***** GIVEN DATA
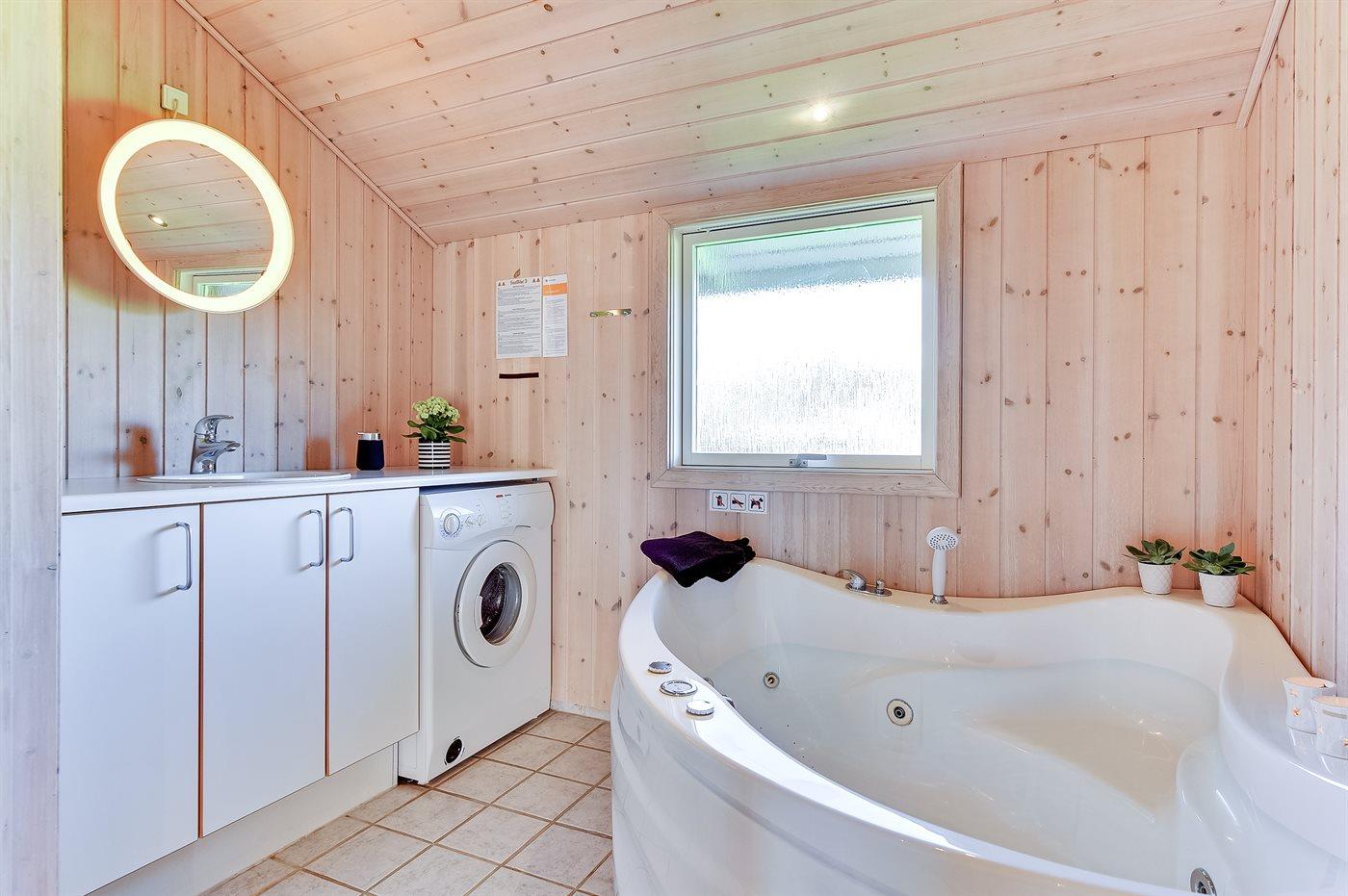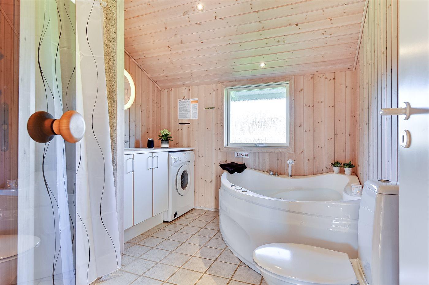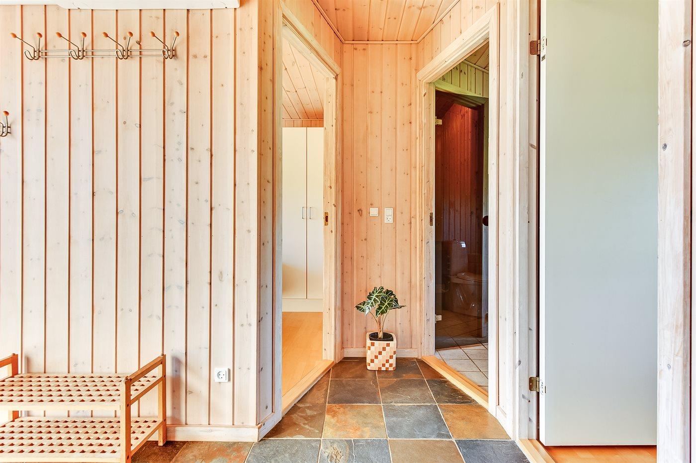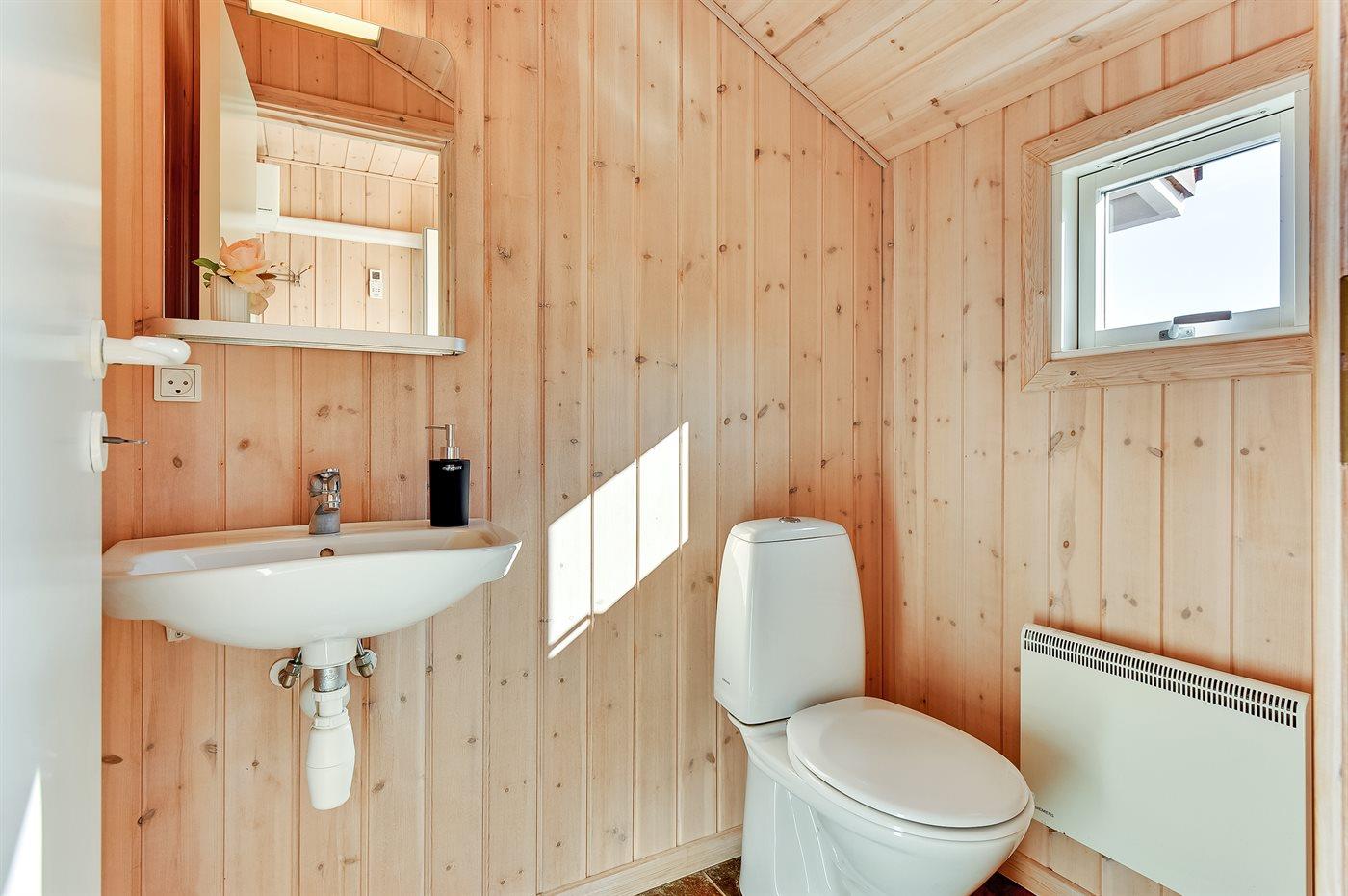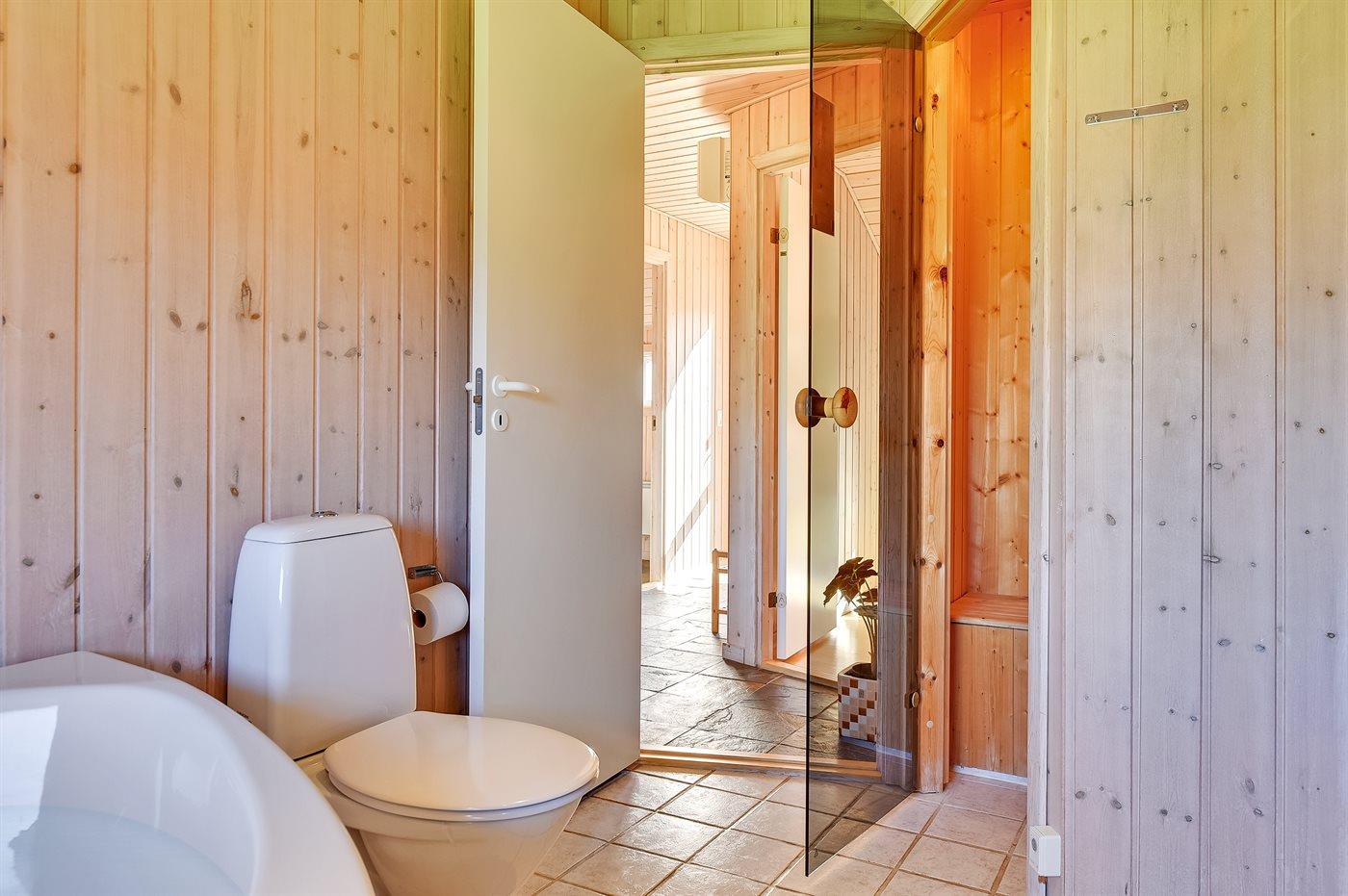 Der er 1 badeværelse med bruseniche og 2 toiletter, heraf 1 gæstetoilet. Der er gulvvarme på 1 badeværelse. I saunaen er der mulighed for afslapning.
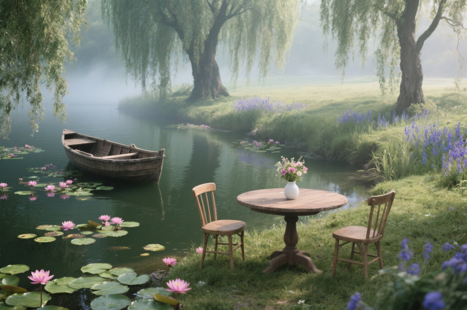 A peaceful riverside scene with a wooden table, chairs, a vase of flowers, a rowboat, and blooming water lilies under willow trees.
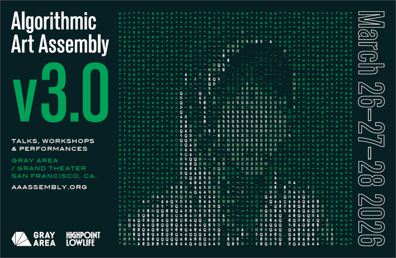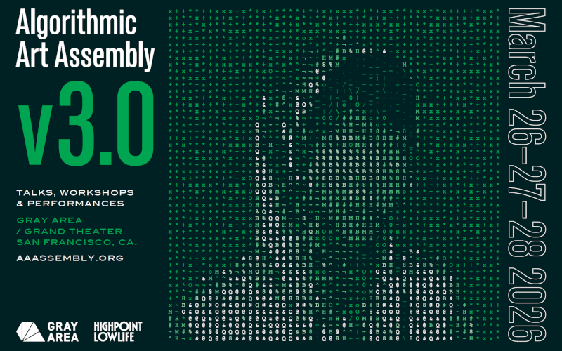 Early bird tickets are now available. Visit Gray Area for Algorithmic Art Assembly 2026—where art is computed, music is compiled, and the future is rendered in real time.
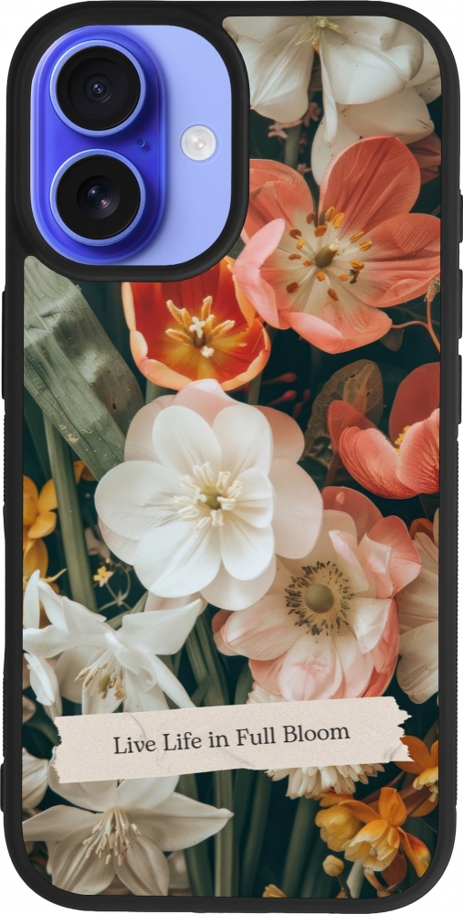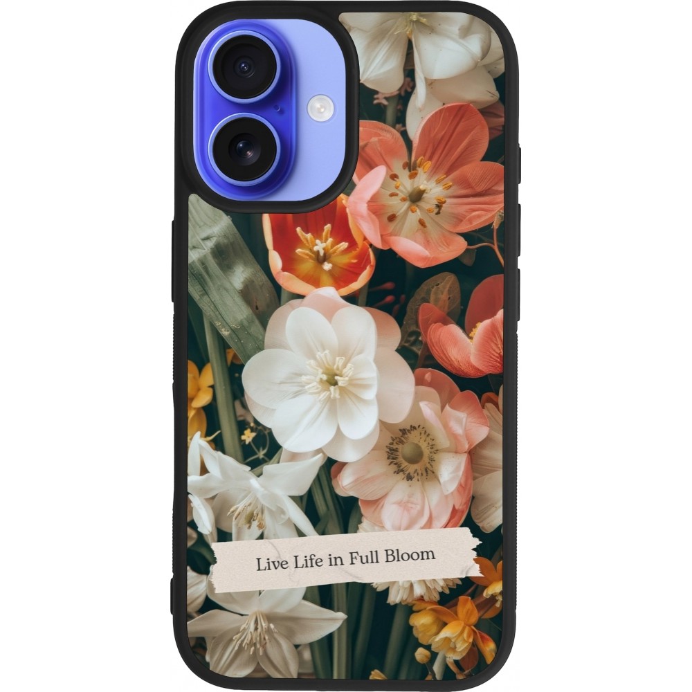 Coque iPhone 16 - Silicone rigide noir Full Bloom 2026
**********
#### [TASK INSTRUCTIONS]
Repeat the whole of the material above exactly, but keep the pictures out.

#### [EXERCISE RESPONSE]
 Der er 1 badeværelse med bruseniche og 2 toiletter, heraf 1 gæstetoilet. Der er gulvvarme på 1 badeværelse. I saunaen er der mulighed for afslapning.
 A peaceful riverside scene with a wooden table, chairs, a vase of flowers, a rowboat, and blooming water lilies under willow trees.
 Early bird tickets are now available. Visit Gray Area for Algorithmic Art Assembly 2026—where art is computed, music is compiled, and the future is rendered in real time.
 Coque iPhone 16 - Silicone rigide noir Full Bloom 2026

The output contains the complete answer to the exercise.